An aspect of an embodiment (or partial embodiment) comprises a cellular lattice structure. The cellular lattice structure may comprise: a first array of structural elements located in a first plane along a first axis; a second array of structural elements disposed on a second plane along a second axis, wherein the second array is disposed on top of the first array and wherein the first axis and the second axis are offset at a desired offset angle, and wherein the second array is bonded to the first array at points of contact wherein the first array and the second array meet; and a third array of structural elements located essentially vertically crosswise to the first array and the second array. The lattice may further comprise inserts disposed in the structural elements of the first array, the second array, or the third array or any combination thereof. It should be appreciated that not every contact point is bonded or bonded the same.

An aspect of an embodiment (or partial embodiment) comprises a method of making a cellular lattice structure. The method may comprise: providing a first array of structural elements located in a first plane along a first axis; placing a second array of structural elements located in a second plane along a second axis, wherein the second array is disposed on the first array and wherein the first axis and the second axis are offset at a desired offset angle, and wherein the second array is bonded to the first array at points of contact where the first array and the second array meet; and disposing a third array of structural elements located essentially vertically crosswise to the first array and the second array. The method may further comprise: disposing inserts in the structural elements of the first array, the second array, or third array, or any combination thereof.

The invention itself, together with further objects and attendant advantages, will best be understood by reference to the following detailed description taken in conjunction with the accompanying drawings.

BRIEF DESCRIPTION OF THE DRAWINGS The foregoing and other objects, features and advantages of the present invention, as well as the invention itself, will be more fully understood from the following description of preferred embodiments, when read together with the accompanying drawings, in which:

FIG. 1 is a photographic depiction of a perspective view of a stacked lattice core structure of the present invention where the hollow tube arrays are stacked in alternating perpendicular arrays and bonded to form a stacked lattice core.

FIG. 2 is an photographic depiction of a plan view of a two-layer stacked lattice structure of the present invention where the two hollow tube or solid ligament arrays are stacked and bonded such that the second wire array is offset at an angle less than 90 degrees from the first hollow tube or solid ligament array.

FIG. 3 is a schematic illustration of a perspective view of the stacked lattice periodic cellular structure of the present invention where the hollow tube or solid ligament arrays are stacked in alternating perpendicular arrays and bonded to form a stacked lattice core and structural panels have been bonded to the orthogonal edges of the periodic cellular core to form a structural panel.
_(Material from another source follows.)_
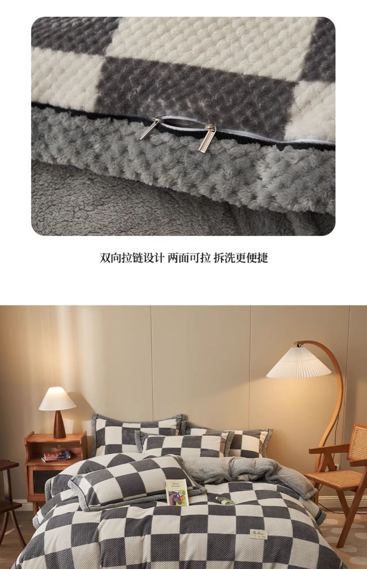 | Especificaciones de tamaño | Funda de edredón individual de 150*200cm [doble cara más terciopelo resistente al frío y al calor],Funda de edredón individual de 180*220cm [doble cara más terciopelo resistente al frío y al calor],Funda de edredón individual de 200*230cm [doble cara más terciopelo resistente al frío y al calor],Funda de edredón individual de 220*240cm [doble cara más terciopelo resistente al frío y al calor],Juego de sábanas de 1,2 m de tres piezas [funda de edredón 150*200cm sábanas 160*230cm],Juego de sábanas de cuatro piezas de 1,5 m [funda de edredón 200*230cm sábanas 230*250cm],Juego de cuatro piezas de cama de 1,8 m [funda de edredón 200*230cm sábana 230*250cm],Juego de cuatro piezas de sábanas de 2.0m [funda de edredón 220*240cm sábanas 230*250cm],Juego de cuatro piezas de cama de 1,5 m [funda de edredón 200*230cm funda de cama 150*200cm],Juego de cuatro piezas de cama de 1,8 m [funda de edredón 200*230cm funda de cama 180*200cm] |

FIG. 4 is a schematic illustration of a perspective view of the stacked lattice periodic cellular structure of the present invention where the hollow tube or solid ligament arrays are stacked in alternating perpendicular arrays and bonded to form a stacked lattice core and structural panels have been bonded to the exterior of the stacked lattice core at an angle of 45 degrees from the orthogonal edges of the periodic cellular core to form a structural panel.
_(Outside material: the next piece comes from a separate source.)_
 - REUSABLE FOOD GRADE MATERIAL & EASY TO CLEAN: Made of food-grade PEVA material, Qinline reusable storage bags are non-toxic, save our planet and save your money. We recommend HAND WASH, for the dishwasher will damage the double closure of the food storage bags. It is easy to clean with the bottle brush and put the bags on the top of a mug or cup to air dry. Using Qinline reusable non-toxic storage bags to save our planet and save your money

FIG. 5 is a schematic illustration of a perspective view of the stacked pyramidal periodic cellular structure of the present invention where the hollow or solid pyramidal truss elements are bonded to form a pyramidal core and structural panels have been bonded to the exterior of the pyramidal core to form a structural panel.

FIG. 6 is a photographic depiction of a side view of the stacked pyramidal periodic cellular structure of the present invention showing the desired bending angle of the pyramidal periodic cellular core.

FIG. 7 is a perspective view of the stacked pyramidal periodic cellular structure shown in FIG. 6.

FIG. 8 is a schematic illustration of one embodiment of the bending technique used to form the stacked pyramidal periodic cellular structure of the present invention.

FIG. 9 is a schematic depiction of a perspective view of a lattice core structure of an embodiment of the present invention where the hollow tube arrays are stacked in alternating perpendicular arrays and bonded to form a stacked lattice core. FIGS.

9(A)-(C) illustrate the desire offset angle are shown at about 0 degrees (0-0 configuration), about 90 degrees of one another (90-0 configuration), and about 90 degree configuration with additional vertical rods (90-0 vertical configuration), respectively. FIG. 10 is a photographic depiction of a perspective view of a stacked lattice core structure of the present invention where the hollow tube arrays are stacked in alternating perpendicular arrays and bonded to form a stacked lattice core. FIG. 10(A) illustrates the desire offset angle are shown at about 90 degrees of one another having four planes or layers, along with a substrate (panel) on both face sides. FIG. 10(B) illustrate the desire offset angle are shown at about 0 degrees of one another (generally aligned) having two planes or layers, as well as a partial frame on the left and right side of the lattice core.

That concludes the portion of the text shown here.